AIM OF THE EXERCISE
In the entries below, find the line with "- Cà Phê Chế" and the line with "شامپو فاقد سولفات", then retype both and everything between them exactly. Do not copy the pictures.
##### SOURCE INFORMATION
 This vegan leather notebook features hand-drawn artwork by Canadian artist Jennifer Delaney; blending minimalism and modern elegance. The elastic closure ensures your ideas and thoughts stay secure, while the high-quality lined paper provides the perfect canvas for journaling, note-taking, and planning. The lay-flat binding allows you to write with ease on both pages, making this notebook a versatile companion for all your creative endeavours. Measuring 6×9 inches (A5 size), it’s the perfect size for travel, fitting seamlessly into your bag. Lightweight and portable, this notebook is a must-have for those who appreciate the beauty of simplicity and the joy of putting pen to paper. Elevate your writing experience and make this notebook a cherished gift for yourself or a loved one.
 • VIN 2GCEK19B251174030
##########
##### SOURCE INFORMATION
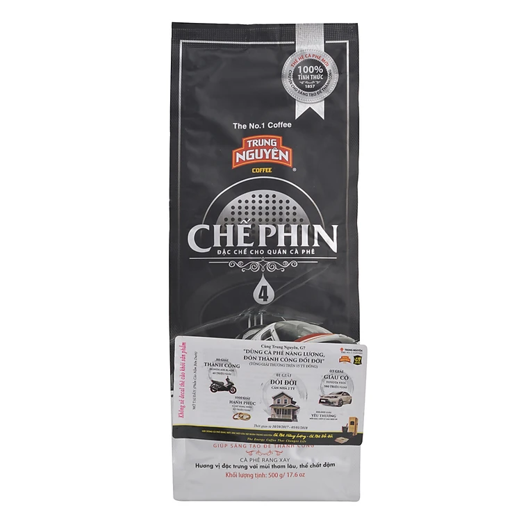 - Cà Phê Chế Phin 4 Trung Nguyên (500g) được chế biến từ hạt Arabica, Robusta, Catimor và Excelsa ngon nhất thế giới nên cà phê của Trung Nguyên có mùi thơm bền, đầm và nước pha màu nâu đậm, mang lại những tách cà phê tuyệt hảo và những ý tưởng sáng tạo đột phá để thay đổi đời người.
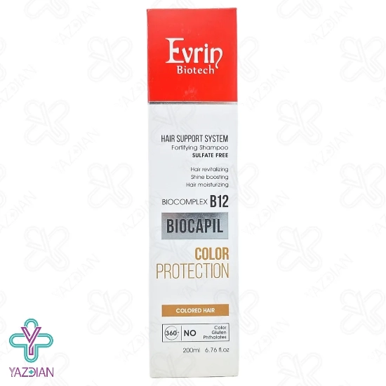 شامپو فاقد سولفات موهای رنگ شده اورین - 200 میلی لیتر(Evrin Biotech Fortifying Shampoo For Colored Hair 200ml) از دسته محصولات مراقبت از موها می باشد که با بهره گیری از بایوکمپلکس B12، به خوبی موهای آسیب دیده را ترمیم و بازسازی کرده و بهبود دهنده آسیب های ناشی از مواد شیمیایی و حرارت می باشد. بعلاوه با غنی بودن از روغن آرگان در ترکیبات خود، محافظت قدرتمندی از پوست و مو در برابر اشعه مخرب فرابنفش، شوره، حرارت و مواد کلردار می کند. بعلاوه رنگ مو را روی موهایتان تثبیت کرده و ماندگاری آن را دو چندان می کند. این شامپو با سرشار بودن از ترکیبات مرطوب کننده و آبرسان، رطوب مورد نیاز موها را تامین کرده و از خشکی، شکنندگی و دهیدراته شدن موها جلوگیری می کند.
##########
##### SOURCE INFORMATION
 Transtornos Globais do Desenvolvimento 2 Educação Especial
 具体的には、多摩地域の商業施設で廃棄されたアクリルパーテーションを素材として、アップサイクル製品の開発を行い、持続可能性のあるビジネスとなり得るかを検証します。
##########
TASK ANSWER
 - Cà Phê Chế Phin 4 Trung Nguyên (500g) được chế biến từ hạt Arabica, Robusta, Catimor và Excelsa ngon nhất thế giới nên cà phê của Trung Nguyên có mùi thơm bền, đầm và nước pha màu nâu đậm, mang lại những tách cà phê tuyệt hảo và những ý tưởng sáng tạo đột phá để thay đổi đời người.
 شامپو فاقد سولفات موهای رنگ شده اورین - 200 میلی لیتر(Evrin Biotech Fortifying Shampoo For Colored Hair 200ml) از دسته محصولات مراقبت از موها می باشد که با بهره گیری از بایوکمپلکس B12، به خوبی موهای آسیب دیده را ترمیم و بازسازی کرده و بهبود دهنده آسیب های ناشی از مواد شیمیایی و حرارت می باشد. بعلاوه با غنی بودن از روغن آرگان در ترکیبات خود، محافظت قدرتمندی از پوست و مو در برابر اشعه مخرب فرابنفش، شوره، حرارت و مواد کلردار می کند. بعلاوه رنگ مو را روی موهایتان تثبیت کرده و ماندگاری آن را دو چندان می کند. این شامپو با سرشار بودن از ترکیبات مرطوب کننده و آبرسان، رطوب مورد نیاز موها را تامین کرده و از خشکی، شکنندگی و دهیدراته شدن موها جلوگیری می کند.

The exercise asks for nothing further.